Sunday, March 9

Affected? Moi?

“Mirror, mirror, what do I see?” 
“A familiar image in love with thee”

What could come of egoism? An invitation to hell, really. I have self-love oozing from every pore on my perfectly smooth, hairless skin, and confidence coats the soft, shining locks of magnificence streaming from my head....
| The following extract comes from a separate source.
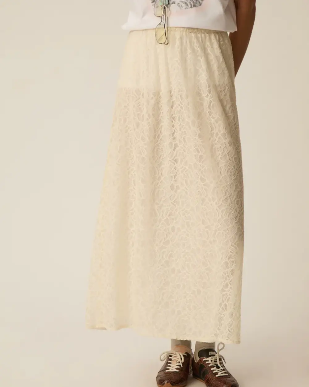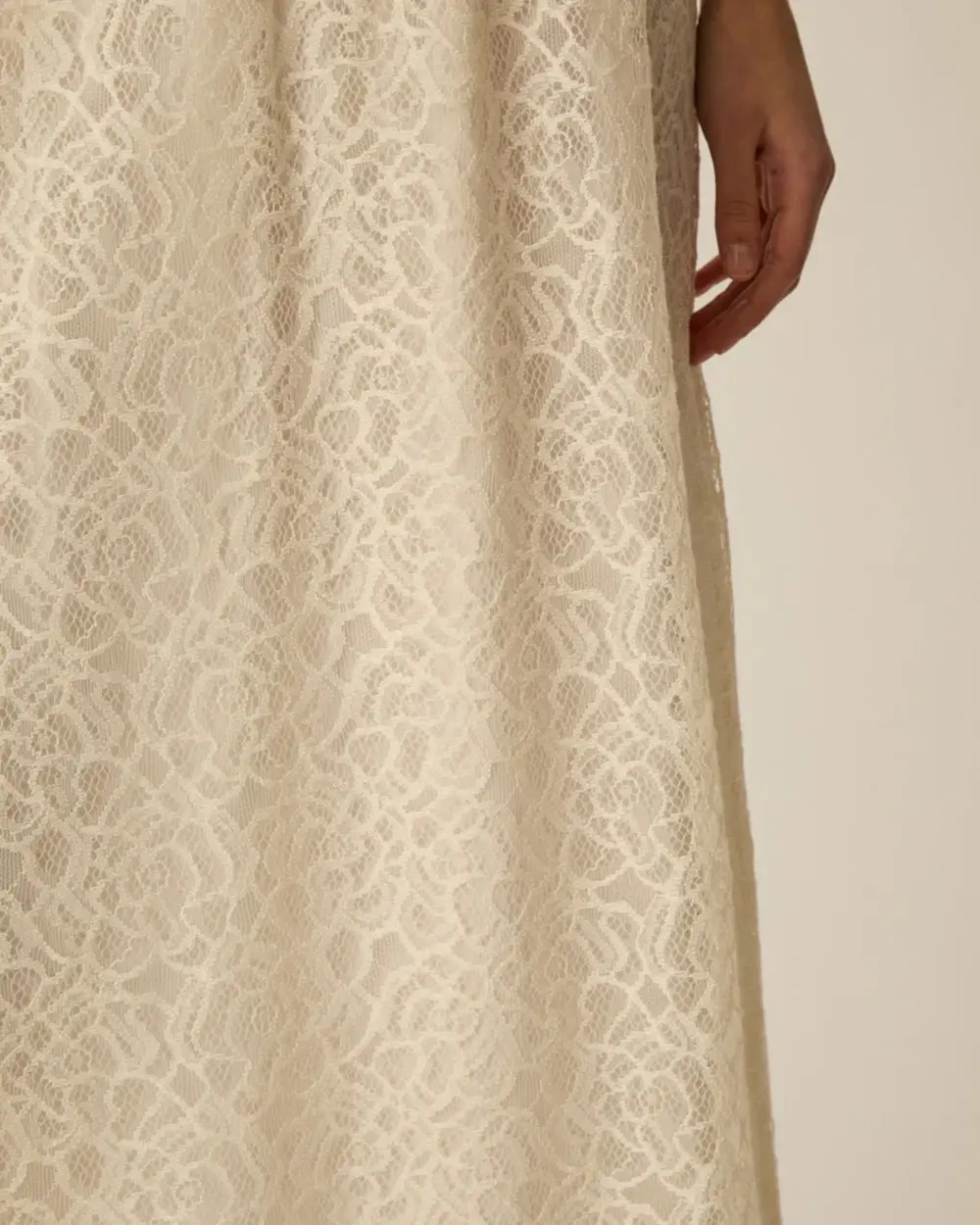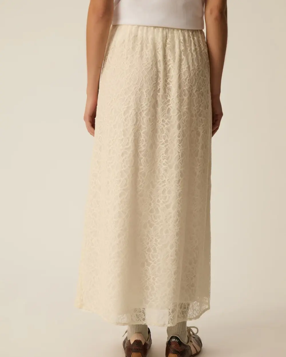 Fully lined semi-fit ankle length skirt, made of a soft lace with a see-thorugh flower pattern.

And then there’s truth: ego and bravado are not self-esteem. I have a hunch that what I savor in the mirror is actually glossed over in lies. This ugly duckling put swan-shaped glasses on and turned quickly to the looking glass, where she was greeted with ecstasy. And the rave reviews she gets for ivory feathers and slender necks, all became a dazzling dream. She will fly close to earth however, yes, as close to ground as possible, in order to hear all the comments about her remarkable wing span. There is always a body part untapped. Waiting to be described with a wonderful and fresh adjective. And she will continue to base her self-worth on these adjectives. Because it took a long time to leave the Ugly Pond, and going back, while always an option, is terrifying. She likes the lake of Beautiful People. But she doesn’t know the rules. Swimming is different here. She mistakenly assumes that she can glide atop these beautiful waters in front of anyone…but can’t really copy that effortless glide of all the other swans, as they’ve been here for years already.

Self-love is beautiful and stems from acceptance and candor. Ego is ugly and feeds on the opinion of others.  Now that I'm pretty, how do i do this?